Suicides spark review of Guantanamo rules

US authorities will review the rules for handling and monitoring detainees at Guantanamo Bay following the suicides of three men there, military officials said.

US authorities will review the rules for handling and monitoring detainees at Guantanamo Bay following the suicides of three men there, military officials said.

The move was announced as defence lawyers demanded their clients have full access to US courts.

In Washington, lawyers for the detainees also said the Bush government should allow independent medical experts into the detention centre at Guantanamo Bay Naval Base in Cuba to examine prisoners.

“Guantanamo must be closed,” added Gitanjali Gutierrez, a lawyer with the Centre for Constitutional Rights, which represents hundreds of Guantanamo detainees, including two of the three who committed suicide.

The military’s internal review will be separate to a probe by the naval criminal investigative service into the deaths of the men who hanged themselves inside their cells before dawn on Saturday, according to Navy Commander Robert Durand at the base in south-eastern Cuba.

“We will be looking at what were the procedures and were these procedures followed,” said Durand. “And do the procedures need to be modified?”

At least one detainee was able to conceal himself from guards by hanging laundry from the ceiling in his cell, Durand said.

One step the military has already announced was a new rule that allows detainees to only have sheets at night to limit the amount of time they would have to make nooses.

The military did not say how long it would take to conduct the review, which a Department of Defence official said was a standard reaction to such a serious incident.

“One of the things that the military does, and does very well, is examine itself,” Pentagon spokesman Bryan Whitman told reporters in Washington.

The investigation by the naval criminal investigative service will focus on the “cause and manner” of the three suicides, Durand said. Post mortem examinations of the men have been performed, but lab tests had not been completed, he said.

The suicides, the first since the US began using Guantanamo Bay to hold people suspected of links to al-Qaida and the Taliban in January 2002, and a May 18 clash between guards and detainees do not suggest that the detention centre is out of control, Mr Whitman said.

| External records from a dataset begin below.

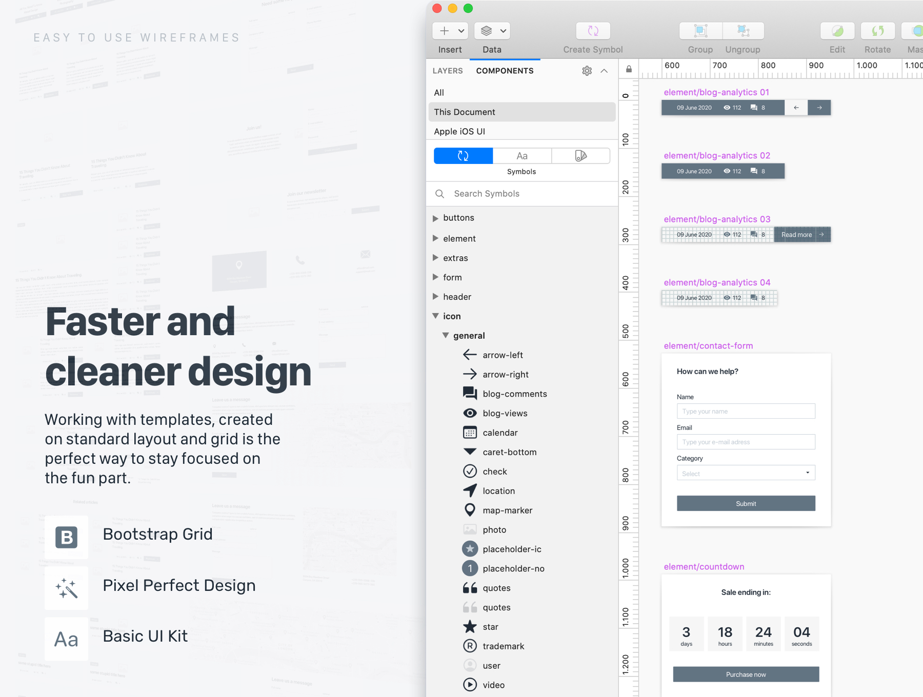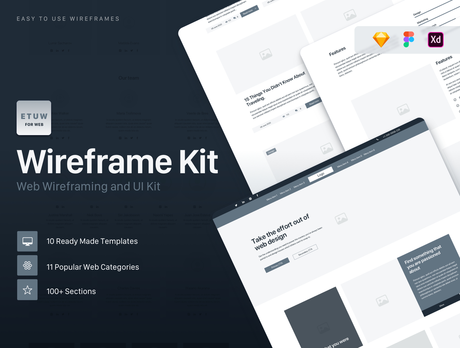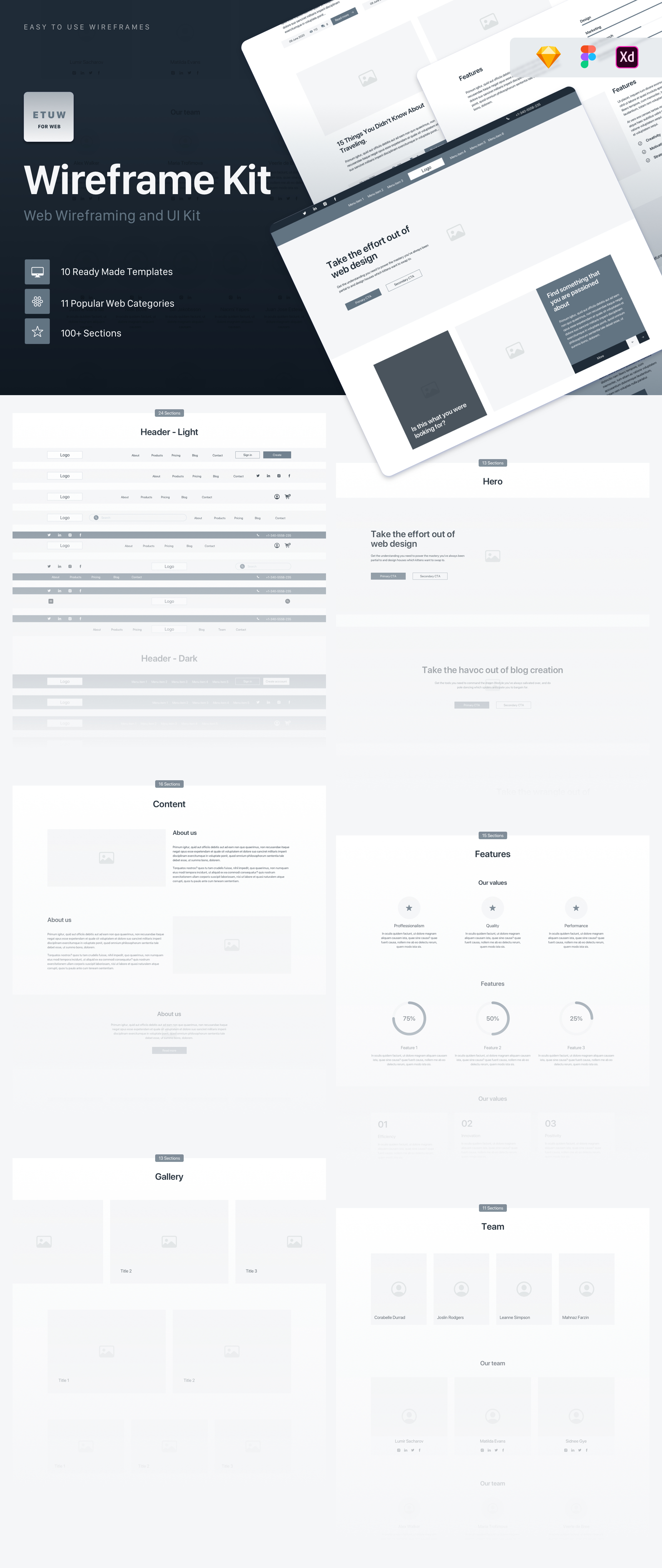 ETUW:易于使用的Wireframe是一个干净的Web套件,在标准的Bootstrap系统-12列上创建| 1440px宽度| 8pt网格。所有符号和对象都是基于矢量的,易于编辑。
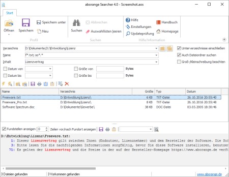 Software zur Dateisuche. Die Suche kann in einem Verzeichnis oder gleichzeitig in mehreren Verzeichnissen durchgeführt werden. Die Suchergebnisse werden in einer übersichtlichen und sortierbaren Liste ausgegeben. Der Suchvorgang kann über zahlreiche Parameter eingegrenzt werden, z.B. Dateiname, Dateigröße, Änderungsdatum aber auch nach Dateiinhalt (Volltextsuche).
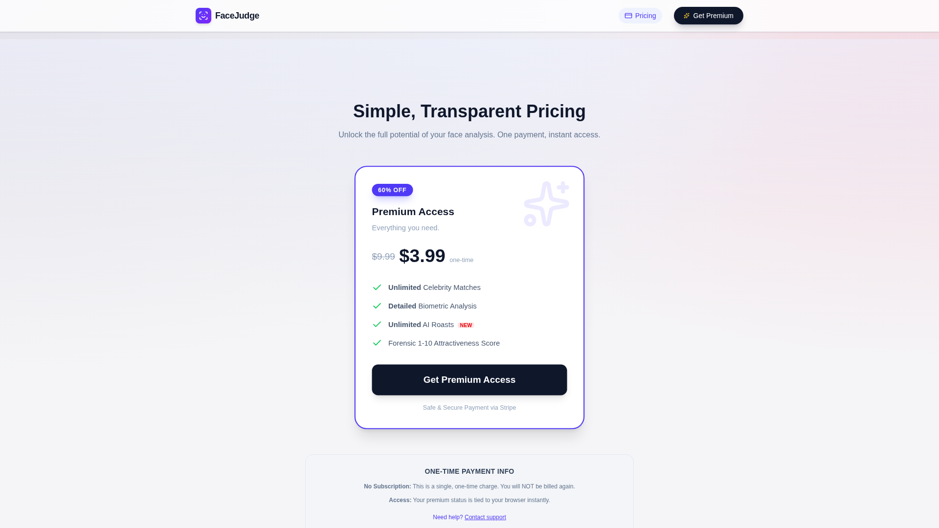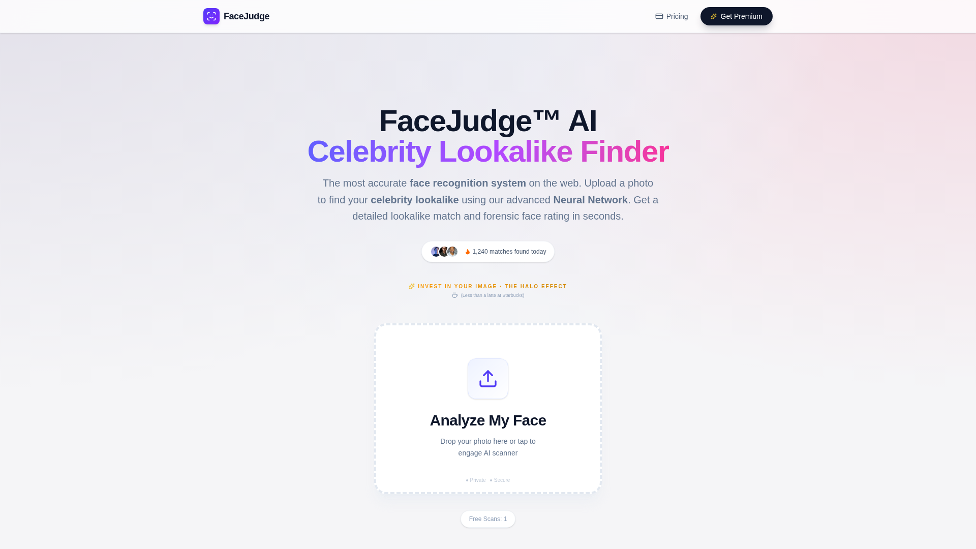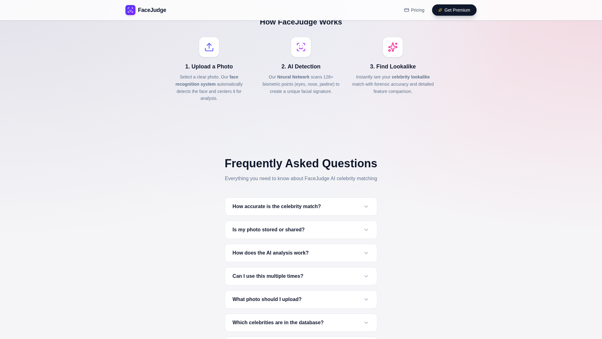 FaceJudge is a web-based, entertainment-focused face analysis tool that matches user photos to celebrity lookalikes using a neural network and biometric feature comparisons. The service describes an automated three-step flow: upload a selfie, have a neural network scan 128+ biometric points to produce a unique facial signature, and view an instant celebrity match along with a forensic-style feature comparison and attractiveness score. FaceJudge emphasizes speed, simplicity and an aspirational “halo effect,” offering real-time processing and claiming not to store uploaded images. Premium access is sold as a single, one-time payment (browser-bound) via Stripe and unlocks unlimited matches and advanced analysis features.
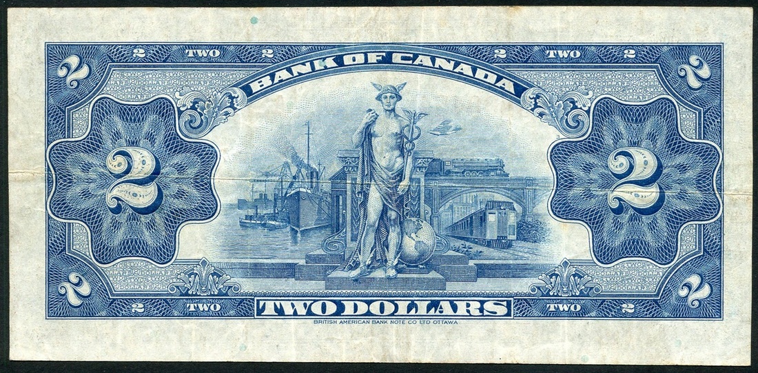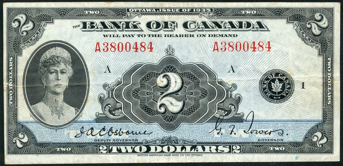 (x) Bank of Canada, $2, 1935, serial number A3800484, black on blue, Queen Mary at left, black seal at right, reverse, blue, Mercury,
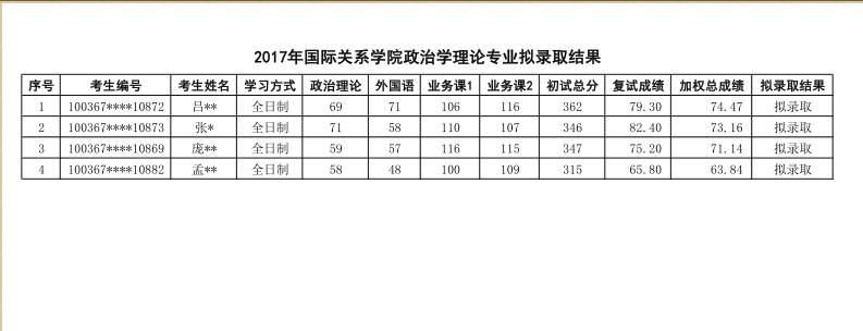 2017年对外经济贸易大学政治学理论研究生拟录取名单
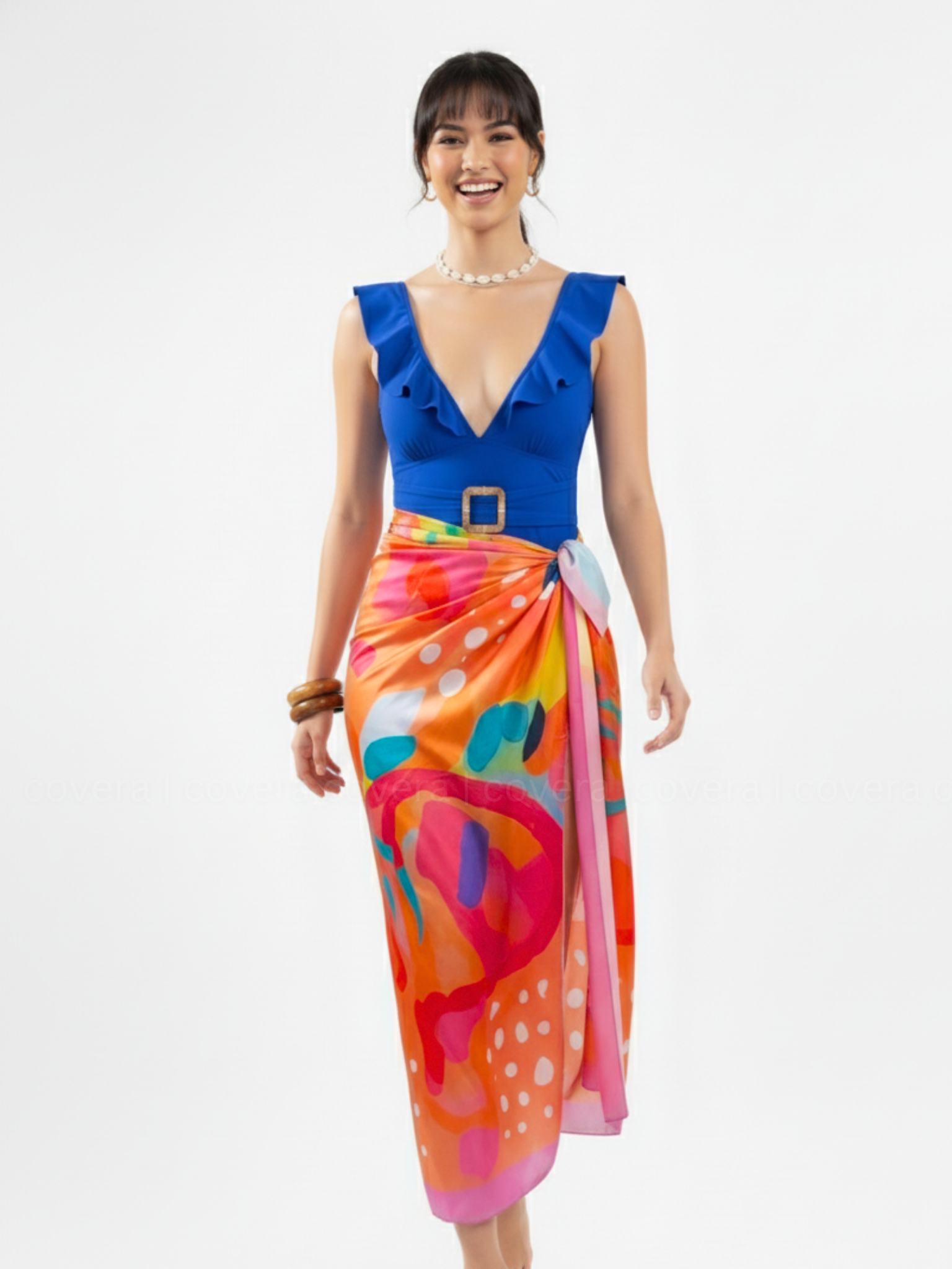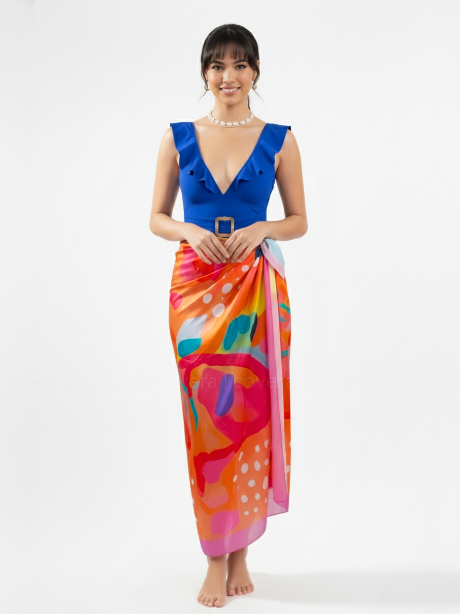 Dive into luxury with the Cobalt Blue Monokini paired with the vibrant Pina Colada Sarong — a duo that defines modern resort glamour. The monokini features a deep V-neckline adorned with soft ruffles and a statement belt accentuating the waist, creating a flattering and feminine silhouette. Crafted from premium stretch lycra, it offers a smooth, sculpting fit for confident movement. The look is elevated with the Pina Colada Sarong - a bold, tropical wrap in vivid hues of orange, pink, and coral, adding the perfect pop of vacation energy.
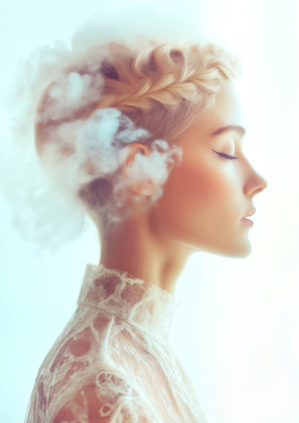 "Lost Dreams - Celeste" poster by Philippe HUGONNARD. Step into a dreamscape with this mesmerizing artwork. A mysterious woman, her face softly veiled in ethereal clouds, embodies a surreal elegance that captivates the senses. The delicate interplay of soft pastel tones and futuristic textures creates a hypnotic atmosphere, where identity blurs into abstraction. This piece invites viewers to explore the sensuality of femininity, making it a striking addition to any collection. Embrace the allure of Lost Dreams and let it transport you to a world of beauty and intrigue.
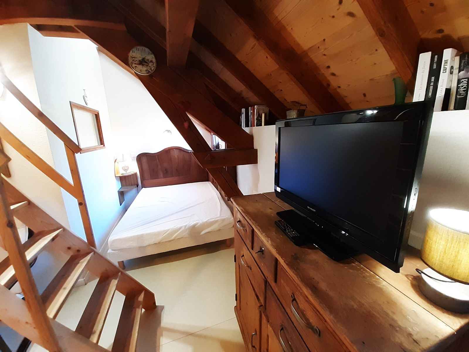 cuisson. Couchages : Séjour : 1 lit double de 140cm (accès limité). Mezzanine accessible par un escalier très raide : 1 lit double de 120cm (hauteur limitée). Salle d’eau avec douche et toilettes. Lave-linge. Connexion Wifi 4G en supplément. CONDITIONS DE LOCATION : Linge de lit inclus du 15/12 au 15/04 pour les courts séjours d'hiver. Le linge de lit n'est pas inclus pour les séjours de cures toute l'année. Linge de toilette et ménage de fin de séjour non inclus et sur demande. Caution demandée à l'arrivée. Supplément de 30€ par animal par séjour (maximum 2 animaux). INTERDICTION DE FUMER DANS LE LOGEMENT
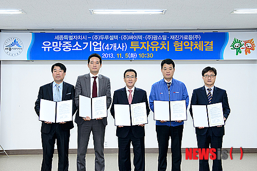 【세종=뉴시스】노왕섭 기자 = 세종시가 ㈜두루셀텍·㈜싸이텍·㈜광스틸·재진가로등㈜ 등 유망 중소기업 4개사와 투자협약을 체결했다. 사진은 좌측부터 오두환 ㈜싸이텍 대표, 이준희 ㈜두루셀텍 대표, 유한식 시장, 곽인학 ㈜광스틸 대표, 이성형 재진가로등㈜ 대표가 5일 시보건소에서 협약서 서명 후 기념촬영을 하고 있다. 2013.11.05. (사진=세종시청 제공)
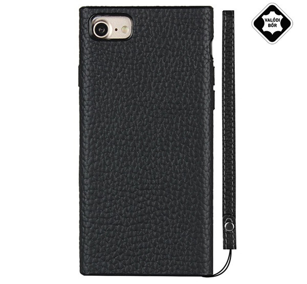 Szilikon telefonvédő (valódi bőr bevonat) FEKETE

“It is a professionally run, humane detention facility,” he said, adding that it keeps dangerous people from returning to the battlefield and provides “important” intelligence on terrorist networks.

The US identified the three men who hanged themselves inside their steel mesh cells as two detainees from Saudi Arabia, Mani Shaman Turki al-Habardi al-Utaybi and Yassar Talal al-Zahrani, and Yemeni prisoner Ali Abdullah Ahmed.

None was among the 10 Guantanamo detainees who have been charged with criminal offences and face military tribunals at the base, where the US holds about 460 detainees.